Reconstructed object in a cell of the arrangement. We now focus on a cell \(\mathcal{C }\) of the arrangement and describe the reconstructed object \(\mathcal{R }_{\mathcal{C }}\) in \(\mathcal{C }\). On each face \(f\) of \(\mathcal{C }\), the intersection of the object \(\mathcal{O }\) with \(f\) is given and consists of a set of connected regions called sections. By definition, the sections of a face of \(\mathcal{C }\) are disjoint. However, two sections (on two neighbor faces of \(\mathcal{C }\)) may intersect along the intersection between their two corresponding faces. The boundary of a section \(A\) is denoted by \(\partial A\) and is a set of closed curves, called section-contours, that may be nested if the topology of \(A\) is non-trivial. Let us write \(\partial \mathcal{C }\) for the boundary of \(\mathcal{C }\). In the sequel, \(\mathcal{S }_{\mathcal{C }}\) denotes the union of sections of all the faces of \(\mathcal{C }\). By the definition of the reconstructed object \(\mathcal{R }\), we have:

A point \(x \in \mathcal{C }\) is in the reconstructed object \(\mathcal{R }_{\mathcal{C }}\) if one of its nearest points in \(\partial \mathcal{C }\) is in \(\mathcal{S }_{\mathcal{C }}\).

This definition naturally involves the Voronoi diagram of the faces of \(\mathcal{C }\) defined as follows.

Voronoi diagram of a cell. For a face \(f\) of \(\mathcal{C }\), the Voronoi cell of \(f\), denoted by \(\mathrm{Vor}_{\mathcal{C }}(f)\), is defined as the set of all points in \(\mathcal{C }\) that have \(f\) as the nearest face of \(\mathcal{C }\), i.e.,

$$\begin{aligned} \mathrm{Vor}_{\mathcal{C }}(f) := \big \{ x \in \mathcal{C }| d(x,f) \le d(x,f') \; \forall \; \hbox {face} \;f' \;\hbox {of}\;\mathcal{C }\big \}. \end{aligned}$$

Here \(d(.,.)\) stands for the Euclidean distance.
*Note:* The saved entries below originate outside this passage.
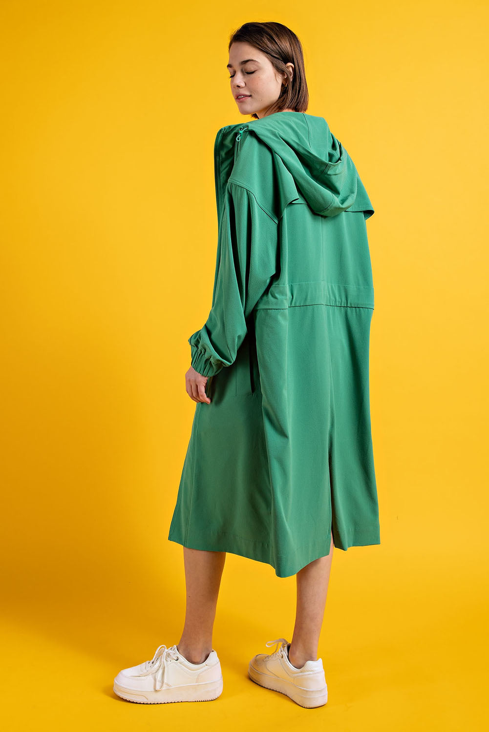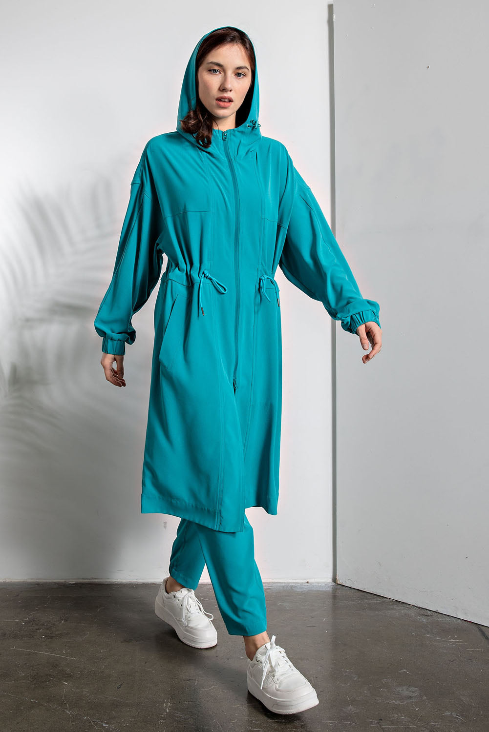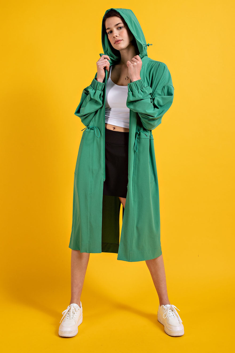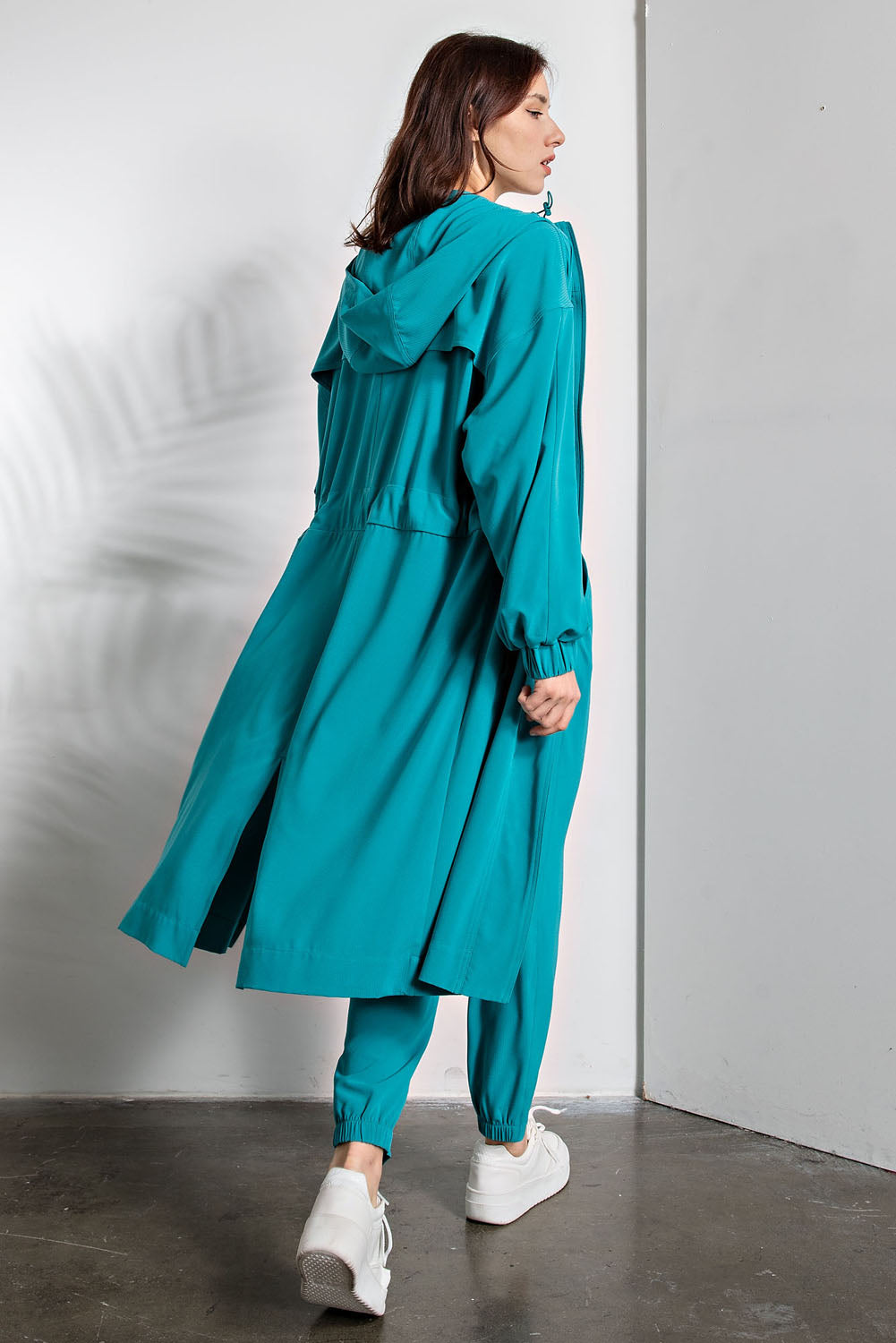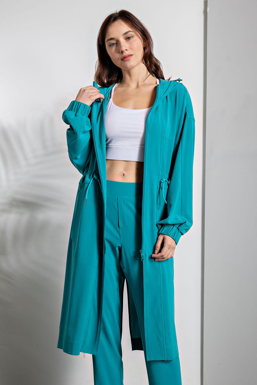 Layer up with effortless cool in this crinkle woven hoodie jacket that's got all the right moves. The textured fabric drapes beautifully while the relaxed long silhouette keeps things comfy and casual. Zip it up, toss on the drawstring hood, and slip your hands into the side pockets—because pockets are always a win. Front and back slits add just enough edge to keep your vibe interesting. Crafted from a stretchy polyester-spandex blend that moves with you, this jacket pairs perfectly with the matching bottom set. Style # P6231. Model pictured is 5'9" wearing size Small.
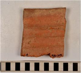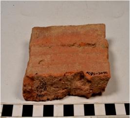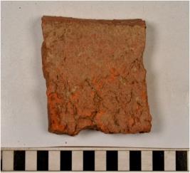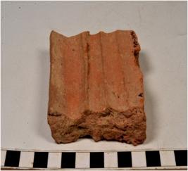| Description / विवरण | A fragment of a terracotta tile having deep finger impression rough surface of medium fabric. |
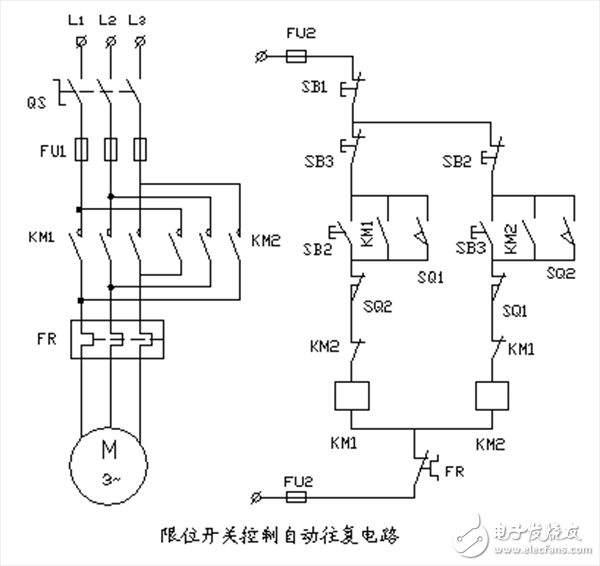 按起動按鈕SB2,KM1吸合并自保,電動機正轉(zhuǎn),帶動機械設備左移。當撞塊碰壓行程開關SQ2時,KM1斷電,KM2得電吸合并自保,電動機反轉(zhuǎn),機械設備右移。當撞塊碰壓行程開關SQ1時,KM2斷電,KM1得電,電動機又正轉(zhuǎn)左移。SB1為停止按鈕。電路由按鈕SB2、SB3及行程開關SQ1、 SQ2的動斷觸點實現(xiàn)了機械聯(lián)鎖,串聯(lián)在交流接觸器線圈KM1、KM2中的KM2、KM1輔助觸點實現(xiàn)了電氣聯(lián)鎖。串聯(lián)在控制電路中的FR常閉觸點,是在電動機過負載或缺相過熱時熱繼電器將控制電路自動斷開,保護了電動機。
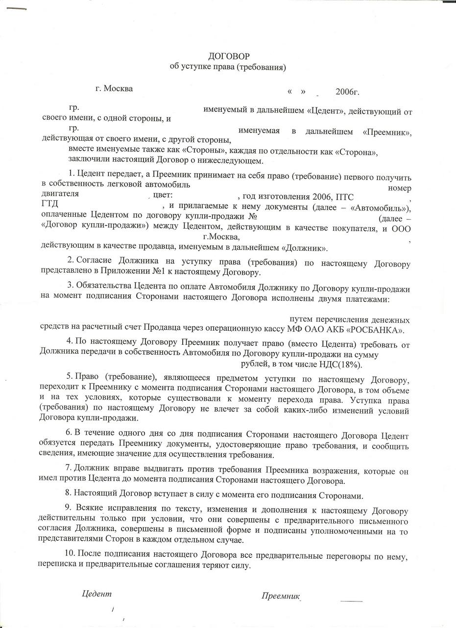Так получилось, что за автомобиль платил я, а оформлялся он на жену. В браке на тот момент мы не состояли. Поэтому при выдаче авто в салоне был составлен "ДОГОВОР об уступке права (требования)". В этом договоре я был обозван страшным словом "Цедент" а жена поименована практически как Медвед - "Преемник" Сам договор приложен в аттаче.
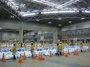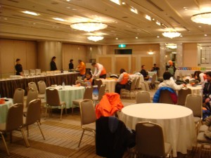 ビッグサイトのホールの中にランナー達の荷物がたくさん。そして隣のホールはがらんとしていて更衣室、休憩所にもなっていた。つい2日前の金曜日には賑やかに展示会が行われていたところに出張に来たのに、全然違う場所みたいだ。
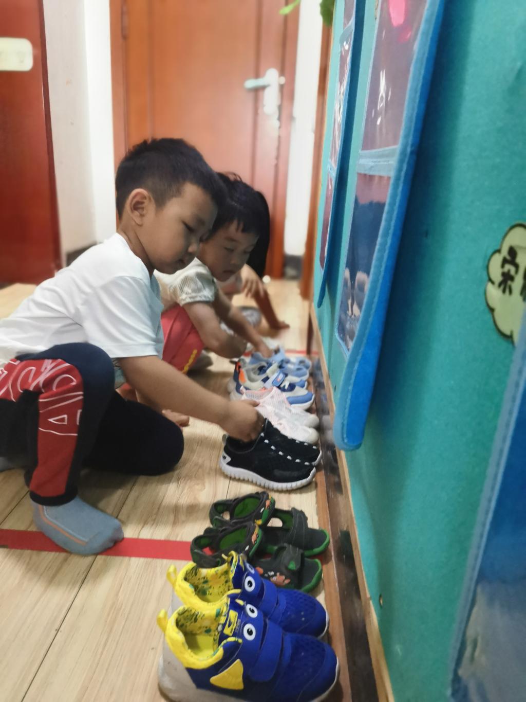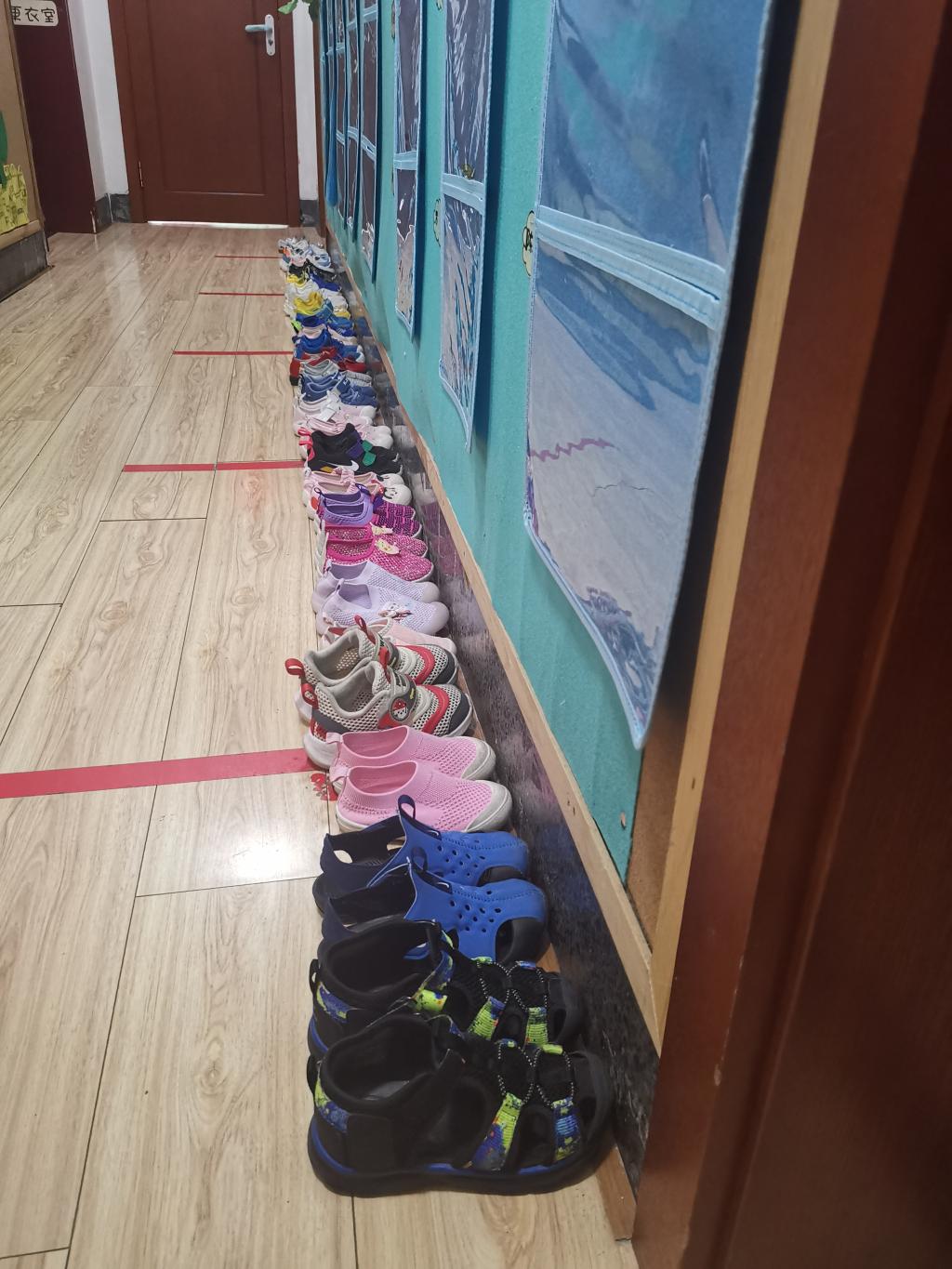 伴随着优美的歌声午睡时间到啦!宝贝们把自己的小鞋子脱下来,整齐的摆放在寝室外面,有序的走进寝室。
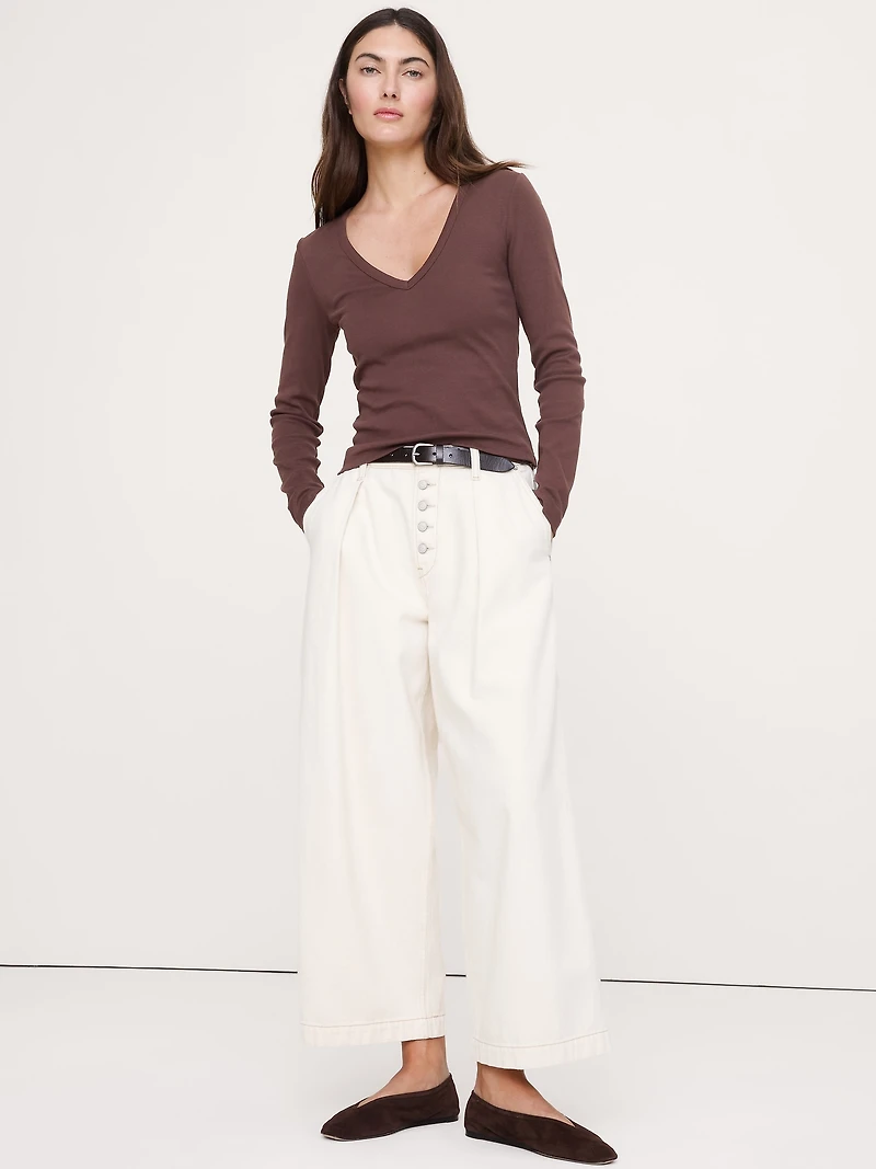 Luxurious and softly structured, this 100% cotton long-sleeve tee is the perfect weight for all seasons. Plus, we added a seam at the center-back to better define the waist. Stretches to fit. V-neck. Straight hem. Stretches to fit. Long sleeves. Above-hip length. Model wears size XS.
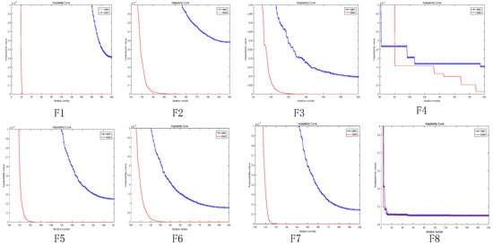 In solving the minimal value problem, the smaller the mean value, the better the algorithm’s average performance. The smaller the standard deviation, the more stable the algorithm. The results in Table 3 show that IGWO outperforms GWO in terms of the mean and standard deviation of optimal solutions for functions F1–F8. Figure 2 further illustrates that the minimum values obtained from IGWO are smaller than those obtained from GWO solutions. Therefore, IGWO is superior in performance and stability to GWO.
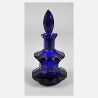 1. Hälfte 19. Jh., kobaltblaues Glas, geschliffener Bodenstern, schälgeschliffen, mit originalem Stopfen, H 18,5 cm.
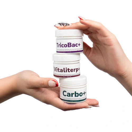 🔸 Tricobac – Microorganismos benéficos que protegen las raíces, evitan hongos dañinos y mejoran la absorción de nutrientes, manteniendo tu planta sana desde abajo.
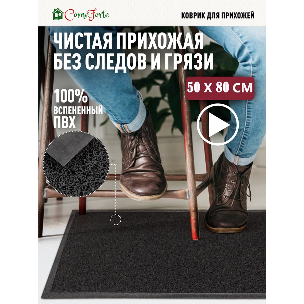 Придверный пористый коврик ComeForte Spaghetti 50х80 см черный SPM-04
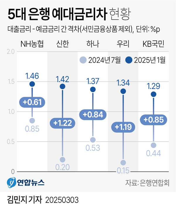 은행별로는 NH농협의 예대금리차가 1.46%p로 가장 컸고, 이어 신한(1.42%p)·하나(1.37%p)·우리(1.34%p)·KB국민(1.29%p) 순이었다. 전체 19개 은행 중에서는 전북은행의 1월 예대금리차가 5.33%p로 1위였다. 2∼4위인 한국씨티은행(2.61%p)·토스뱅크(2.43%p)·광주은행(2.08%p)·BNK부산은행(1.98%p)도 2%p 안팎에 이르렀다.
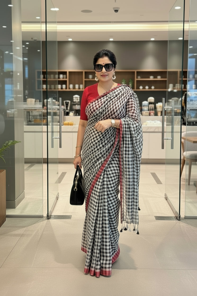 Black Checks Linen Handloom Saree with Red Borders
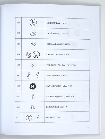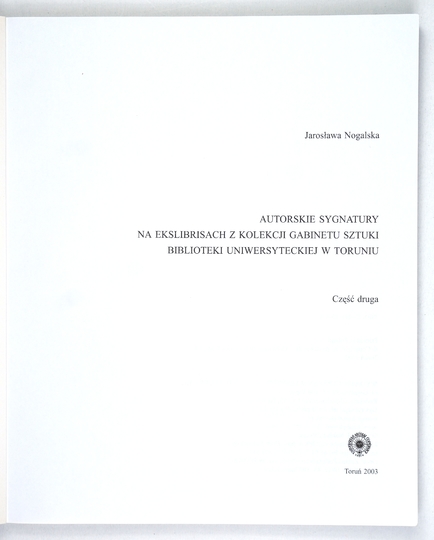 NOGALSKA Jarosława – Autorskie sygnatury na ekslibrisach z kolekcji Gabinetu Sztuki Biblioteki Uniwersyteckiej w Toruniu. Cz. 2. Toruń 2003. Wyd UMK. 4, s. 142. brosz.
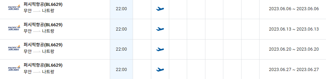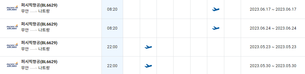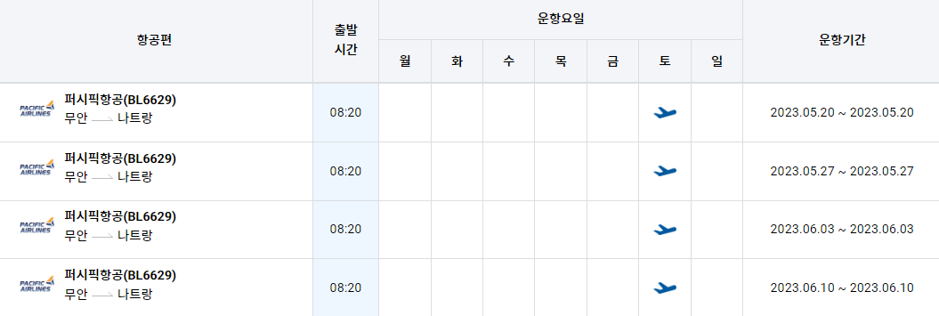 무안 나트랑 항공편 비행기 시간표를 알아보겠습니다. 한국공항공사에서 제공하는 항공편 운항스케쥴입니다. 출발시간과 도착시간, 운항 요일 등을 확인할 수 있습니다.
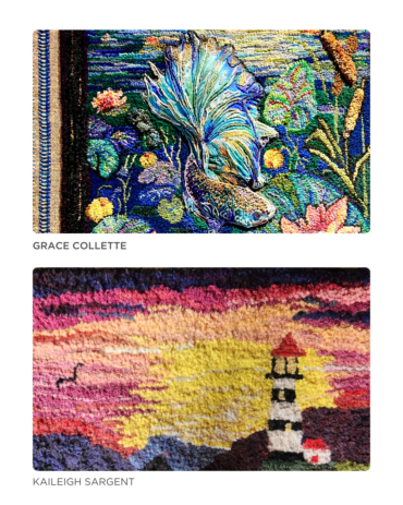 This fiber-based rug hooking apprenticeship pairs mentor artist Grace Collette with apprentice Kaileigh Sargent for 100 hours of one-on-one studio training in Raymond, New Hampshire. Throughout their time together, Kaileigh will expand her knowledge of design principles, such as color planning and composition, while developing and applying these skills to her first rug design. As she progresses, she will explore various dyeing techniques, along with learning new textile skills like creative stitches, punch needle, and embroidery. The apprenticeship will also cover finishing techniques, including needle felting and embellishing with beads and novelty yarns, culminating in the submission of three pieces for jury consideration into the League of NH Craftsmen.
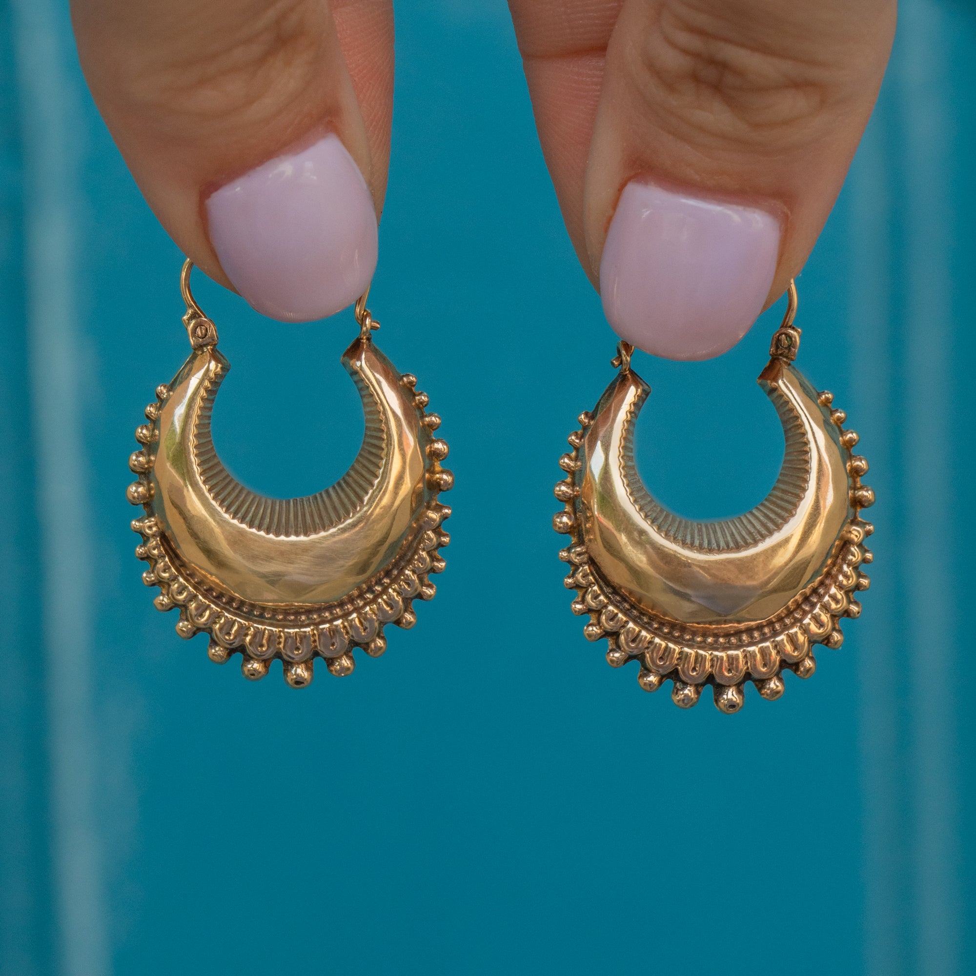 EXCELLENT. These 9ct Gold faceted fancy hoop earrings are in exceptional condition. The Gold is bright with no dings or dents to the body of the earrings. The hooks are sturdy and attach securely making them ready to wear or gift straight away.

The collection of all \(\mathrm{Vor}_{\mathcal{C }}(f)\) when \(f\) runs over all the faces of \(\mathcal{C }\) forms a partition of \(\mathcal{C }\), called the Voronoi diagram of \(\mathcal{C }\). Let \(\hbox {VorSkel}(\mathcal{C })\) denote the Voronoi skeleton of \(\mathcal{C }\) which is the locus of all the points in \(\mathcal{C }\) that are at the same distance from at least two faces of \(\mathcal{C }\). See Fig. 2-left.

Fig. 2
figure 2

A 2D illustration of the partition of a cell \(\mathcal{C }\) by the Voronoi Skeleton \(\hbox {VorSkel}(\mathcal{C })\) (in red). Left The original shape \(\mathcal{O }_{\mathcal{C }}\) (in blue). Right The reconstructed object \(\mathcal{R }_{\mathcal{C }}\) (in green) (Color figure online)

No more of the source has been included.